This comes as President Emmerson Mnangagwa last week called all 2018 presidential candidates for dialogue at the State House.

However, MDC leader Nelson Chamisa snubbed the meeting but insisted he is genuinely willing to enter into formal negotiations if certain conditions were met by Mnangagwa’s government.

Among his demands are mediation by a neutral third party recognisable to Southern African Development Community (Sadc) and the African Union (AU), including a requirement that all “prisoners of conscience” be freed, and that there be an immediate return to the barracks by the military.

In response, Mnangagwa said the MDC leader “risked missing the bus”, if he did not pitch up for talks.

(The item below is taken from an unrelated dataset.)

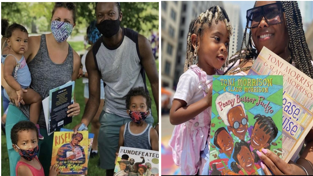
Families at outdoor literacy event receiving high quality books from Brown Books & Paint Brushes
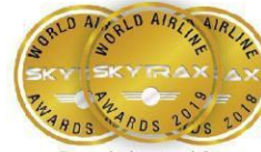
Best Airline in Africa for 3 years in a Row

However, in a hard hitting statement issued on Tuesday, the US government said national dialogue must be held immediately, further condemning the Zimbabwean government’s excessive use of force during the protests, where at least 12 people were reported dead.

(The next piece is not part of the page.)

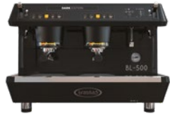
BL-500-DE 2 Gr
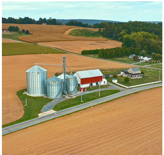
Agriculture is a key land use in the KRSL, especially in its valleys, where there are prime farmlands.

Rapid population growth and development around the Kittatinny Ridge Sentinel Landscape’s main highways have decreased open space and increased light pollution, threatening FTIG’s nighttime training capabilities. These pressures impact military installations specializing in Air and Missile Defense; sensitive species, like the eastern regal fritillary butterfly and cerulean warbler; ecosystem services, including drinking water, farm products, and timber; recreational resources; and climate change resilience. Currently, only 20 percent of the Kittatinny Ridge Sentinel Landscape is protected, which has attracted a myriad of partners to collaborate on strategic actions aimed at protecting the natural resources of this landscape.

“The United States calls on all sides to come together immediately in national dialogue.

“The dialogue process must be credible, inclusive, and mediated by a neutral third party.

“In order for such a dialogue to succeed, the Government of Zimbabwe should end its excessive violence and intimidation, immediately release the civil society activists who have been arbitrarily detained, and hold security force members responsible for human rights violations and abuses accountable.

“We also reiterate our call for the Government of Zimbabwe to enact promised political and economic reforms,” Robert Palladino, the deputy spokesperson in the US Department of State said in a statement.

The call for dialogue also comes after the church in Zimbabwe demanded the leaders to get to a round table to iron out problems bedevilling the country.

Zimbabwe Council of Churches (ZCC) last week called for a meeting of the political leaders in Harare. However, Mnangagwa did not attend the meeting, resulting in people questioning the political leaders’ sincerity in having the talks.

While Mnangagwa wants a broader multi-party initiative, Chamisa — who disputes results of the July 30 polls — prefers a dual engagement on the grounds that he is the only one among all the other presidential elections who is contesting results of last year’s elections.

At last week’s church meeting attended by government ministers, members of the opposition parties, and delegates from industry, the security sector, civil society, human rights groups, trade unions, as well as international observers, including some ambassadors, the ZCC general-secretary Kenneth Mtata said national dialogue was the church’s answer to the crisis.

He said the ZCC, which hosted the meeting together with the Zimbabwe Catholic Bishops’ Conference, the Evangelical Fellowship of Zimbabwe, and the Union for the Development of Apostolic Churches in Zimbabwe Africa had recognised that “the nation finds itself at the cross-roads,” and said “the churches had made their voices louder regarding the urgency and necessity of a national dialogue”.

Many observers, just like church leaders, believe national dialogue will help recoup the country from the political and economic problems.

Zimbabwe is facing a legitimacy problem after a contested presidential election. This, coupled with the economic challenges has been raising tensions amongst the citizenry, which saw people taking to the streets last month.

The State security responded in a harsh manner, with reports of rape, torture and murder characterising the brutal crackdown.

The world condemned the State heavy handedness, with the US also expressing concern over the developments.

“The United States remains seriously concerned about the excessive use of force by Government of Zimbabwe security forces since January 14, which has resulted in at least 13 deaths, 600 victims of violence, torture or rape, and more than 1 000 arrests…

“The Government of Zimbabwe’s use of violence against civil society and imposition of undue Internet restrictions betray promises to create a new Zimbabwe,” the US government said.